Before celebrating the April 8 ouster of chief Ron Johnson, consider the options for J.C. Penney (JCP) at this point. In firing the man who created Apple’s (AAPL) stores, JCP’s board is finally admitting that Johnson’s magic isn’t transferable. Building an experience around a high-margin tech brand with a cult-like following isn’t the same as selling mom jeans. We now know that. Ditching all those beloved coupons in favor of everyday low prices? Dumb idea.
But bringing back Myron “Mike” Ullman III, the man who ran JCP until late 2011, isn’t exactly thinking outside the box. He is, after all, the guy Johnson replaced. And Ullman himself had reached out to Johnson a few years earlier to gauge the then-retailing star’s interest in the job. The once and future Penney chief also bought into the notion that the same emphasis on shopping experience—rather than price—that Johnson had brought to Apple and Target (TGT) would help the mid-market retailer gain a younger and more loyal audience. While Johnson’s moves to create “stores within a store” with brands such as Michael Graves and Joe Fresh could prove smart in the long run, the former Apple wunderkind certainly seemed to lose sight of the here and now.

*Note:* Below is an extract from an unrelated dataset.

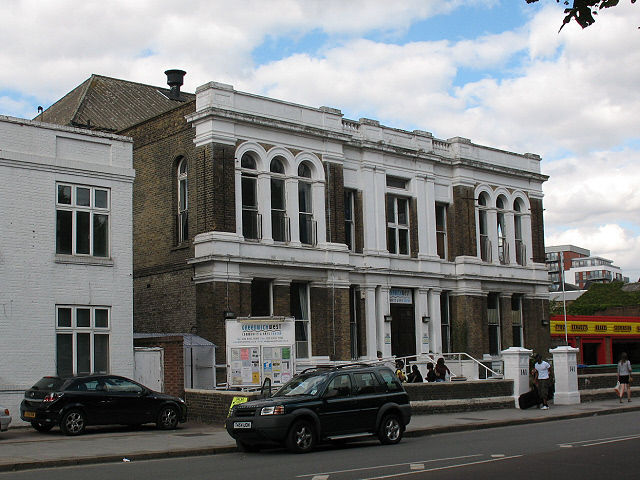 West Greenwich Community Centre. The building was originally Greenwich Town Hall, a function that is now carried out by the Woolwich Town Hall 331633 since the merger of the two boroughs many years ago.

The problem isn’t just that Johnson did too much too soon. The bigger issue is that J.C. Penney shoppers aren’t craving a new shopping experience. They already have access to the retail-fair atmosphere he was trying to create within the retailer’s existing mall stores. It’s called the Internet. From there, customers can browse all the cool fashions they want. They don’t need to get in a car and drive to a big-box retailer on the off chance they’ll discover something delightful. The only thing that will compel them to drive to a J.C. Penney is convenience—or a great sale.
Besides, even shoppers who want to experience the thrill of the hunt without the aid of their laptops or tablets don’t necessarily need to bag their next purchase at J.C. Penney. Mass merchants like it and Sears Holdings (SHLD) continue to be squeezed between department stores, which have a wider assortment of upscale fashions and brands, and big-box retailers including Target and Wal-Mart Stores (WMT), which have lower prices. And Penney still has to compete against newer mass-market retailers like Kohl’s (KSS), which aren’t saddled with all that expensive mall space.
The question now is what Ullman’s going to do with the middling chain that Johnson was trying to transform. Stick with the plan to roll out all those cool products while reconnecting with vendors, employees, and the customers who felt shafted over the past year? Um, probably. First up, Ullman stated in JCP’s official release, is to “articulate a game plan and establish a foundation for future success.”
That’s a tall order for a company that’s currently in free fall. Even hedge fund manager Bill Ackman admitted on April 5 at a Reuters (TRI) conference that Johnson’s run had been “very close to a disaster.” Ackman, don’t forget, is the guy who pushed so hard to get Johnson there in the first place.
Whether Ullman proves to be Mr. Right or Mr. Right Now for the troubled retailer, there’s little doubt he’ll face as tough a challenge as his predecessor in winning over J.C. Penney customers. His greatest asset is that he won’t be burdened with inflated expectations.